More Than 60 Percent Of Sales Reps Hit Their Quota
Early in a company’s development, they have the tendency to successfully hire one productive sales rep, a few mediocre reps and a few under-performers. It’s very hard to constantly push your sales team to perform and hit their quota on a quarterly basis, yet sales expense can be one of the largest components of operating costs.
The goal of every entrepreneur and VC for that matter should be to build sustainable and scalable businesses.
When companies grow quickly and are flush with cash, management teams are rarely forced to make the hard decisions around people and process. In fact, many VCs push them to hire faster. I recently heard a story about one VC pushing a company to drive their burn up from $1 million a month to $2.5 million.
Unfortunately, an inefficient sales force will always come back to bite you in the butt. We typically think of 60 percent as the benchmark for a healthy performing sales organization. Anything less and you don’t have a repeatable model.
Your Sales And Marketing Payback Is Less Than One Year
This topic has been written about ad nauseam and was initially conceived by our good friends over at Bessemer. The key here is a simple notion that you shouldn’t spend more to acquire a customer than they are worth in their first year. Effectively, you are trying to measure product market fit.
Too often, we see companies acquiring logos for marketing purposes with the hopes of turning those flashy logos into profitable customers.

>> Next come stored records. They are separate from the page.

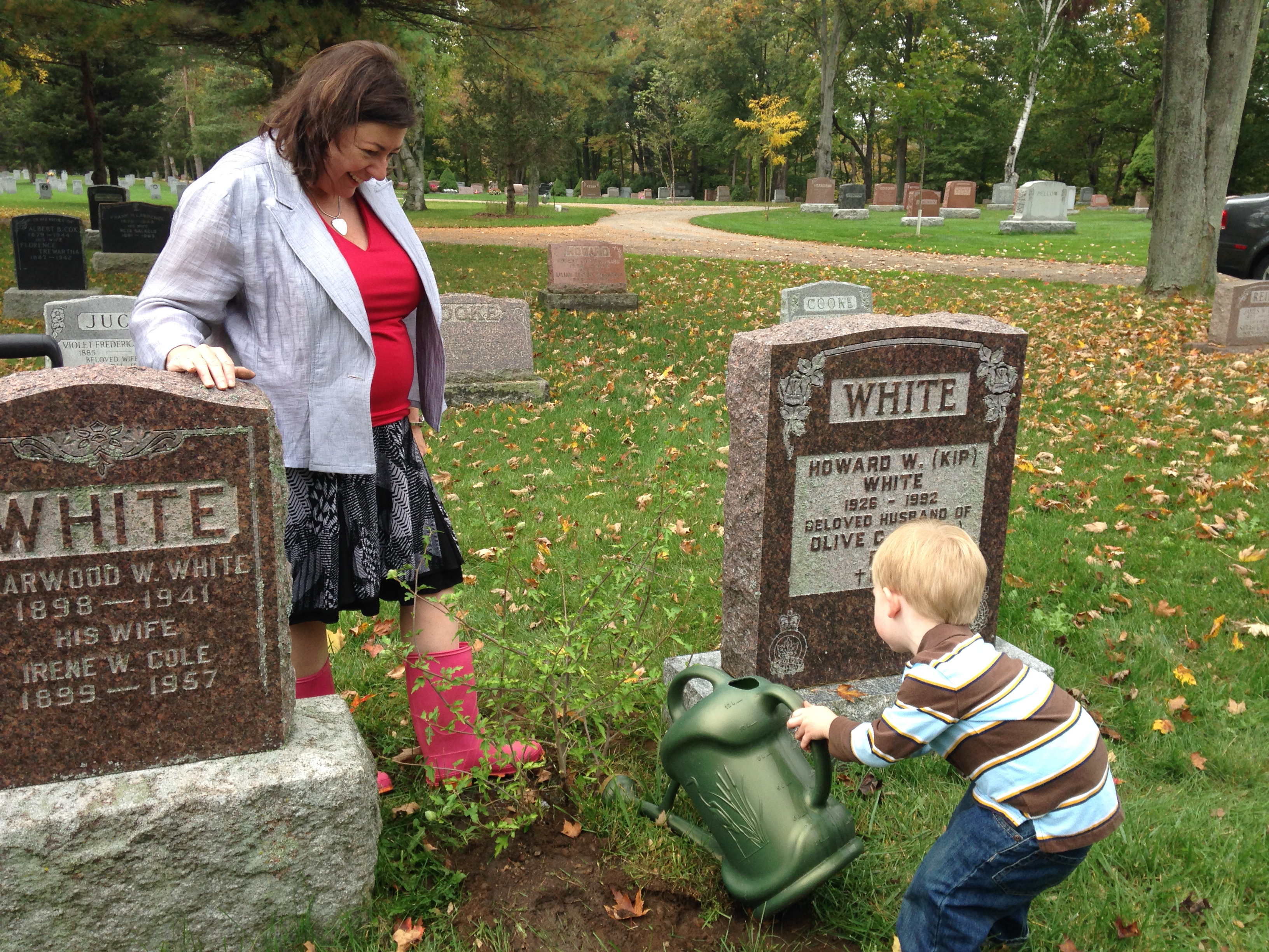 After lunch we went to the cemetery to plant a rose bush where she will be laid, next to my grandpa.
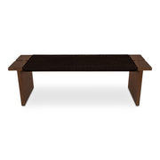 The Merritt outdoor bench blends indoor refinement with outdoor durability. This versatile bench features a solid teak frame complemented by woven, twisted synthetic hyacinth. The dark brown finish adds a touch of sophistication to any setting. Suitable for both outdoor use and as an entryway bench, it provides stylish seating and a subtle textural element to elevate any space.
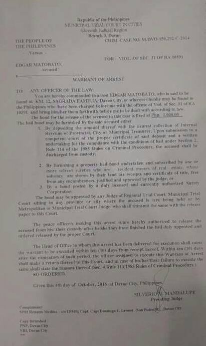 Matatandaan na nag-ugat ang paglabas ng warrant of arrest ng Municipal Trial Court in Cities (MTCC) Branch 3 laban kay Matobato matapos nitong hindi sumipot sa itinakdang arraignment ng korte noong Martes ng umaga, October 3, 2016 sa Davao.
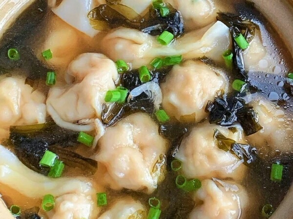 3、起锅烧水,水开后将馄饨放进去煮,煮至馄饨浮起来,就可以放入紫菜和虾皮,加入食盐、生抽调味,淋入一点香油。

That almost never happens.
Logo Retention Is Greater Than 85 Percent
We will get to net customer retention in a second, but without maintaining at least 85 percent logo retention, you run the risk of a leaky bucket; effectively every dollar you pour into the top of the bucket comes out the other end. And as you scale, and the size of that bucket increases, the leak grows even more problematic.

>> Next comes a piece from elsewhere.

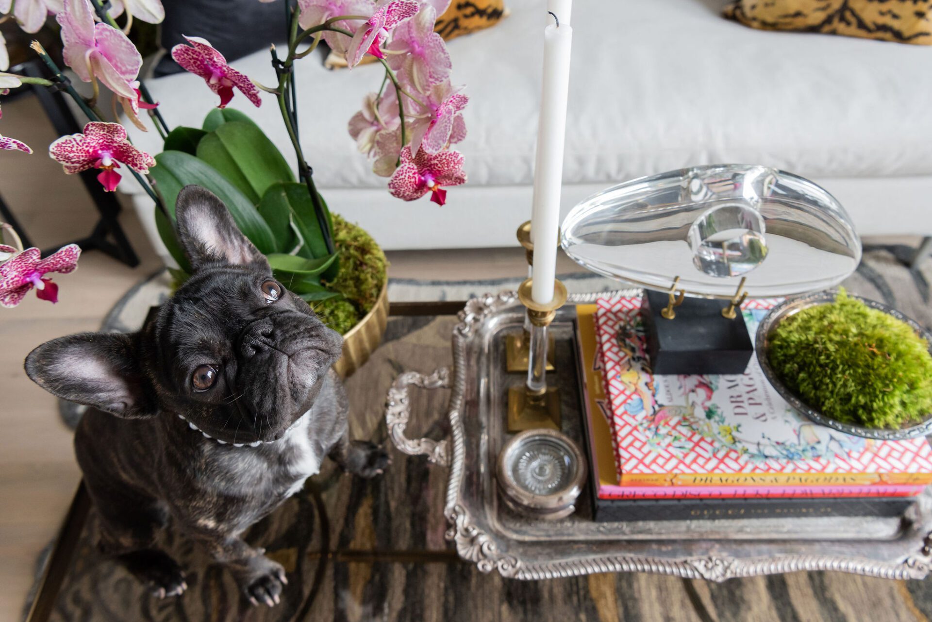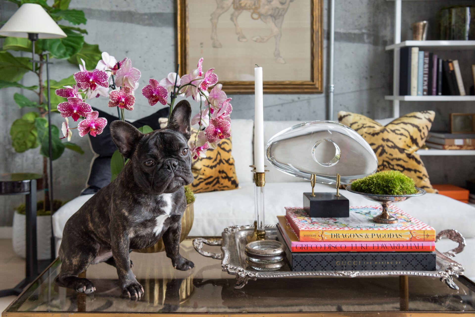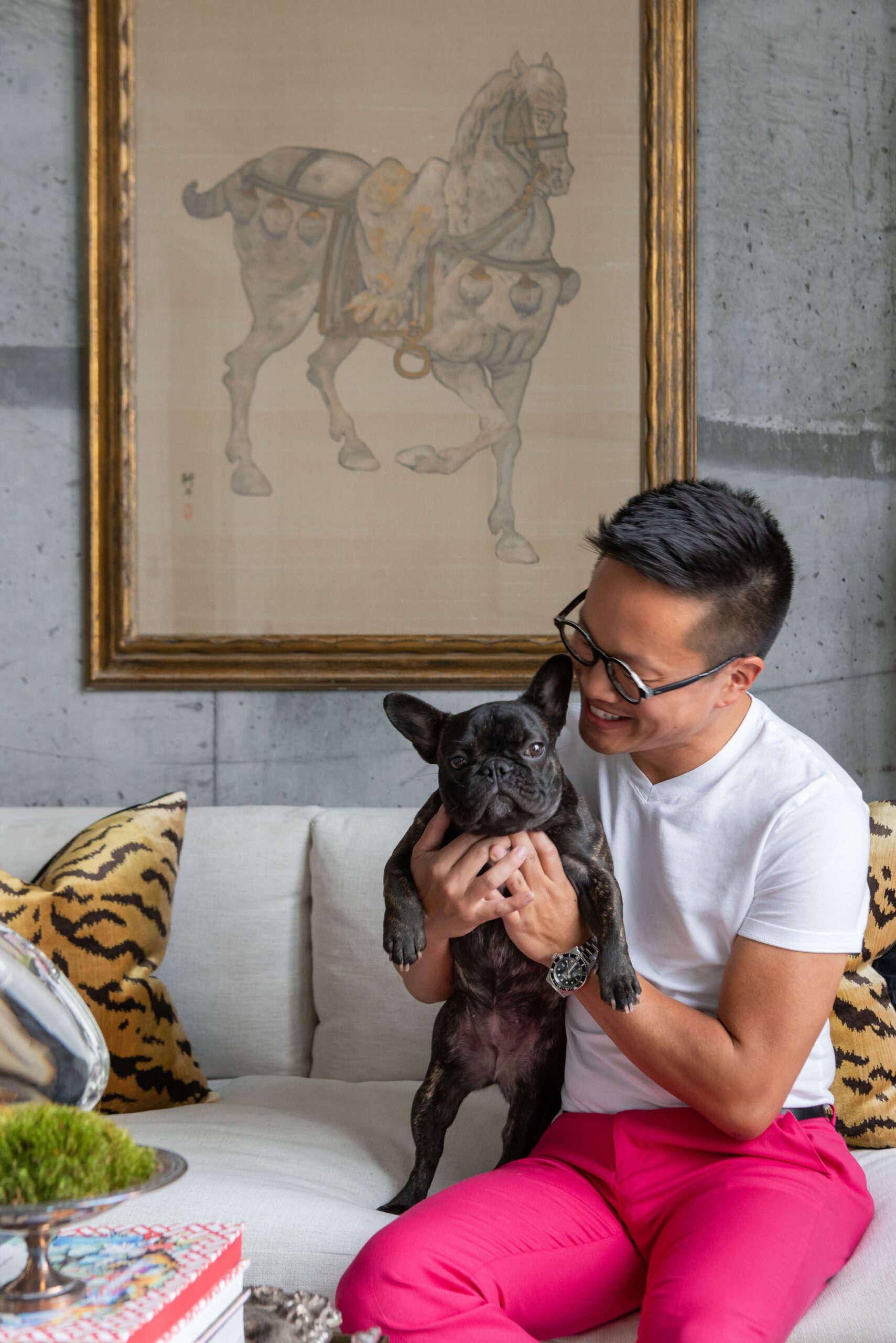 His roommate, a Frenchie pup named Sophia Marie, doesn’t need much space and loves basking in the sun by any one of the floor-to-ceiling windows that wrap the unit. Sometimes you can even catch her napping in her pearls.

When the market turns, and it will, companies without negative churn will be turned into the proverbial emperor with no clothes.

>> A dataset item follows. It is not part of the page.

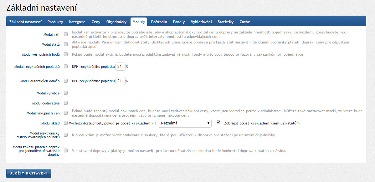 Pokud je zapnutý umožní nastavit v NASTAVENÍ - STÁTY země, do kterých je možné zasílat zboží. Na tyto státy je pak možné navázat ruzné druhy dopravy za různou cenu, různé možnosti plateb nebo třeba minimální výši objednávky pro odpuštění dopravních poplatků

Think about the difference between churning a few hundred thousand dollars per quarter versus a few million. Any slight negative change to that 85 percent retention rate coupled with a high burn can have a catastrophic impact on your company.
You Experience Negative Churn
This metric might be the most important over all others. It’s the basic notion of the dogs eating the dog food. If you’re unable to sell more product to your existing customers to offset churn, you’ve got a problem.
Ideally, after the first year, you should have negative churn (net retention = 100 percent) and ideally it should be 120+ percent. This is important because when the market turns, and it will, companies without negative churn will be turned into the proverbial emperor with no clothes.
The Time It Takes To Ramp One Sales Rep Is No Longer Than One Quarter
If you’re unable to ramp a sales rep within one quarter, there’s one of three things going on, all of which could be hugely problematic in the long run:
- You’re not hiring the right reps and your hiring process is broken (many companies implement a systematic testing or scoring system to reduce variability in hiring).
- You’re not training the reps properly and your training process is broken (one way to address this is to hire an outside group to conduct annual training at your sales kickoff).
- You don’t have enough leads to support new sales reps, which could mean you either have a broken marketing model or a broader market issue.
At the end of the day, it doesn’t matter how much money you’ve raised or what animal analogy you use to signify your company’s worth. The goal of every entrepreneur and VC for that matter should be to build sustainable and scalable businesses. The only way to do that is to focus on the metrics that truly matter.
The companies that nail many, if not all, of the above criteria will be the ones that make it to the finish line, and the balance will be wandering through the forest looking for someone to feed them.